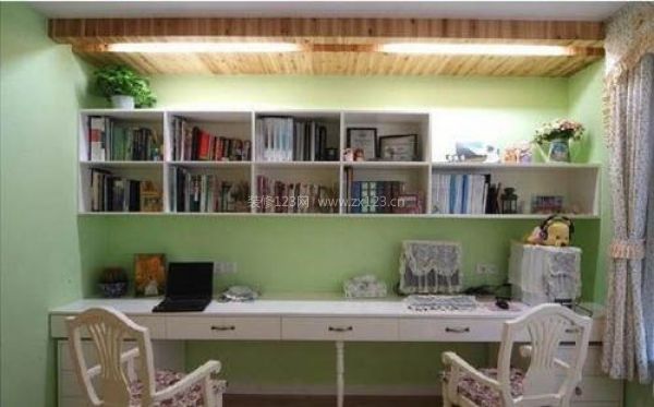 綠色點(diǎn)綴出的自然氣息的書房
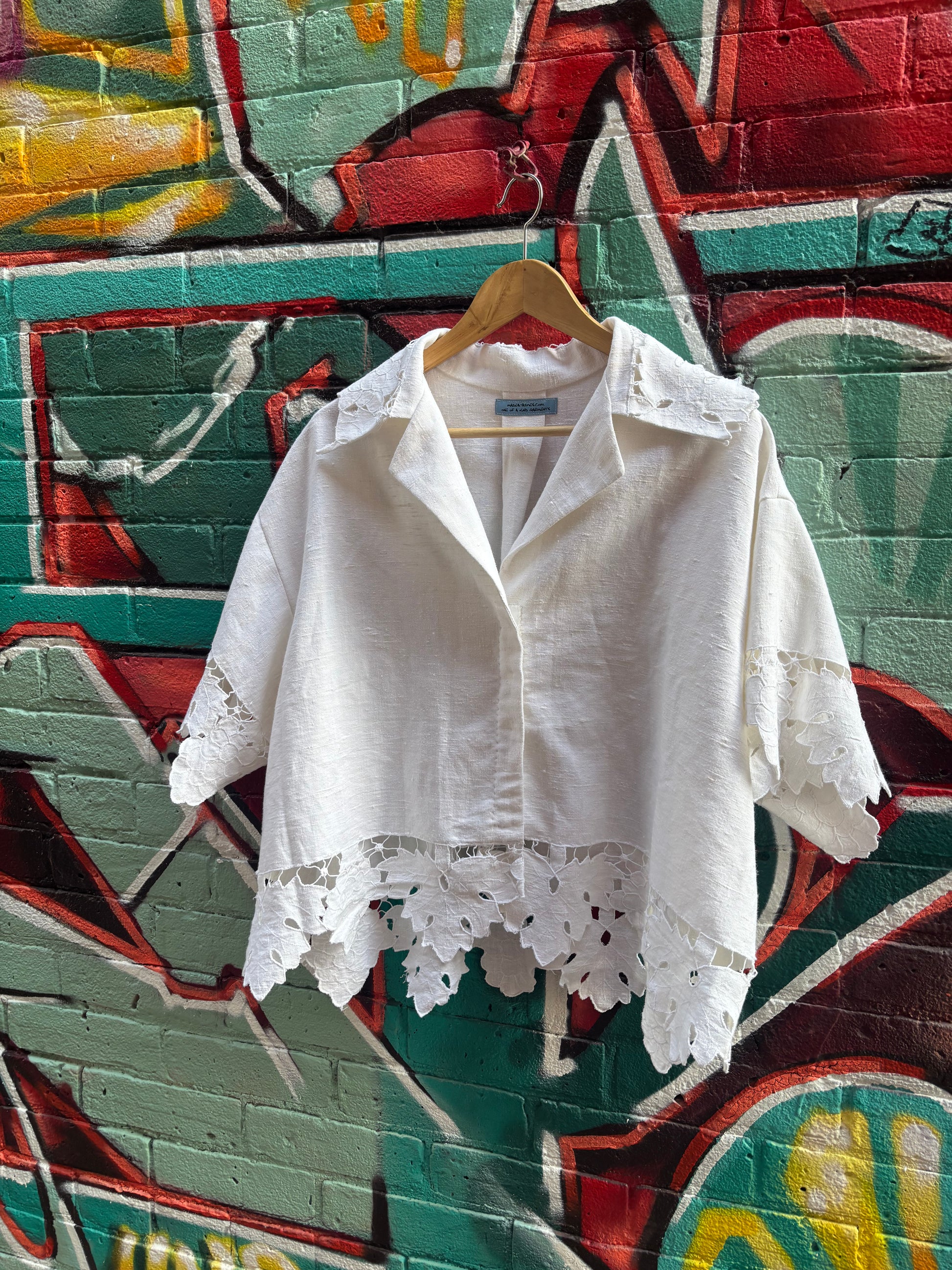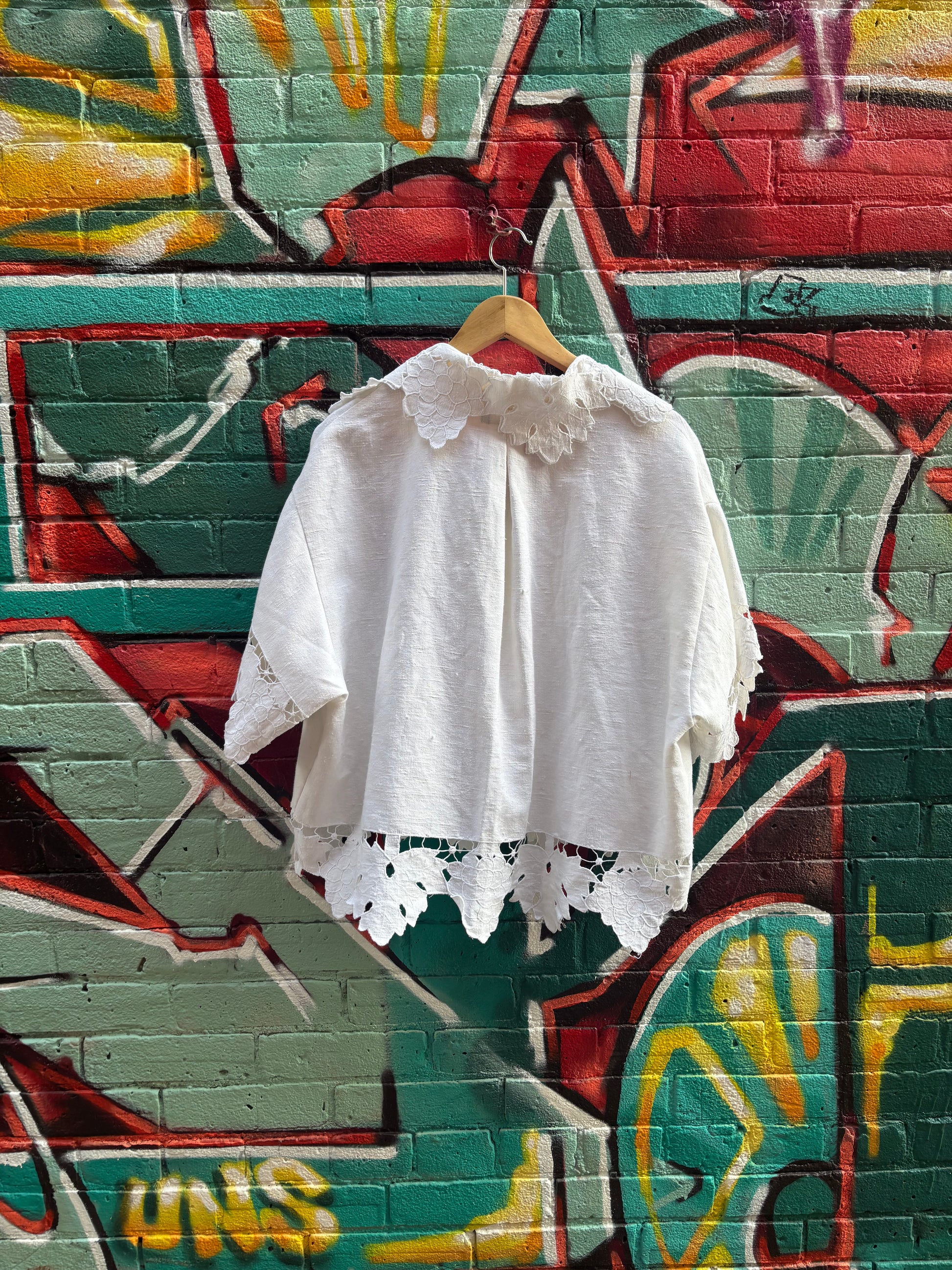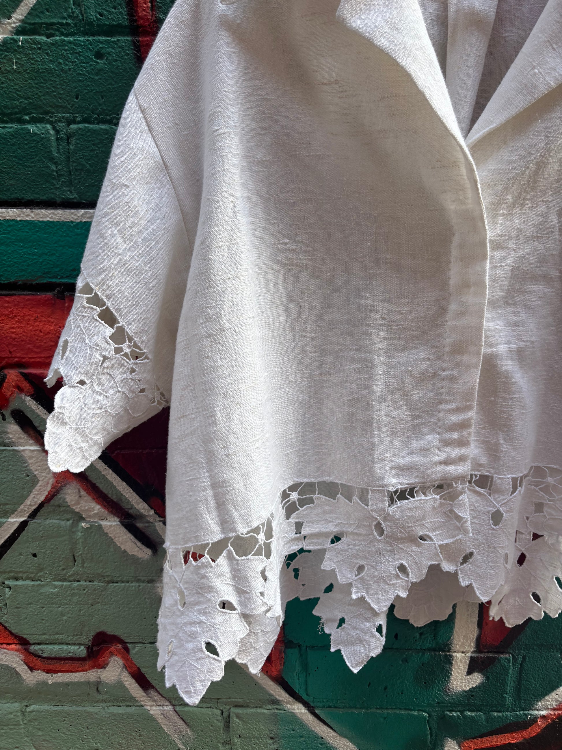 Cotton upcycled slubby tablecloth. Lovely floral details around edges. Pleat down center back for additional comfort.
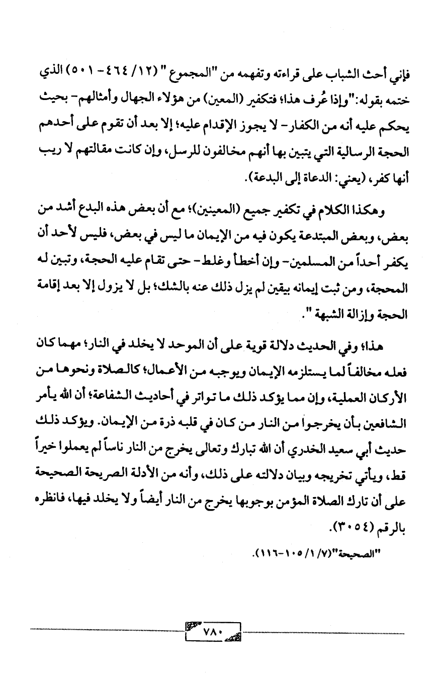 فإني أحث الشباب على قراءته وتفهمه من "المجموع " (12/ 464 - 501) الذي ختمه بقوله:"وإذا عُرف هذا؛ فتكفير (المعين) من هؤلاء الجهال وأمثالهم- بحيث يحكم عليه أنه من الكفار- لا يجوز الإقدام عليه؛ إلا بعد أن تقوم على أحدهم الحجة الرسالية التي يتبين بها أنهم مخالفون للرسل، وإن كانت مقالتهم لا ريب أنها كفر، (يعني: الدعاة إلى البدعة).
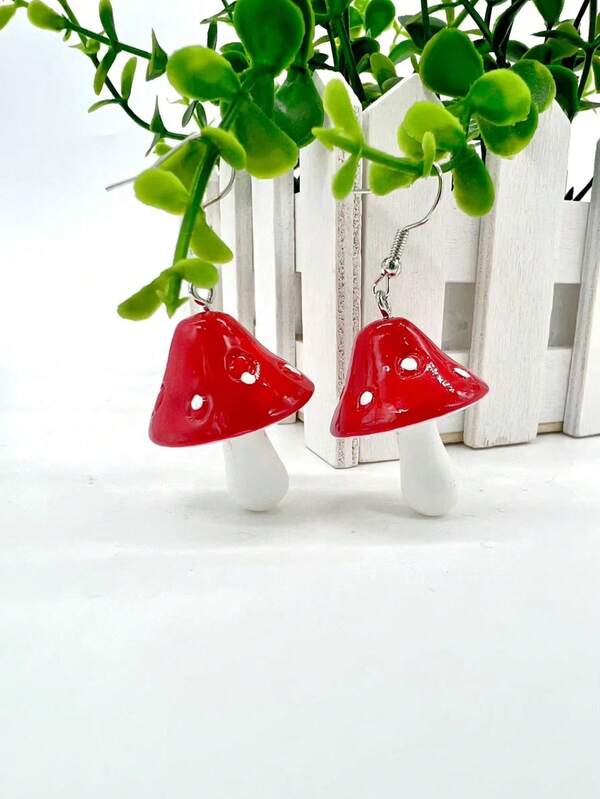 1pair Fashionable Cute Mushroom Shaped Drop Earrings

_REQUIRED WORK_
Give the listing again word for word. Skip any pictures.

_OUTPUT OF THE EXERCISE_
 綠色點(diǎn)綴出的自然氣息的書房
 Cotton upcycled slubby tablecloth. Lovely floral details around edges. Pleat down center back for additional comfort.
 فإني أحث الشباب على قراءته وتفهمه من "المجموع " (12/ 464 - 501) الذي ختمه بقوله:"وإذا عُرف هذا؛ فتكفير (المعين) من هؤلاء الجهال وأمثالهم- بحيث يحكم عليه أنه من الكفار- لا يجوز الإقدام عليه؛ إلا بعد أن تقوم على أحدهم الحجة الرسالية التي يتبين بها أنهم مخالفون للرسل، وإن كانت مقالتهم لا ريب أنها كفر، (يعني: الدعاة إلى البدعة).
 1pair Fashionable Cute Mushroom Shaped Drop Earrings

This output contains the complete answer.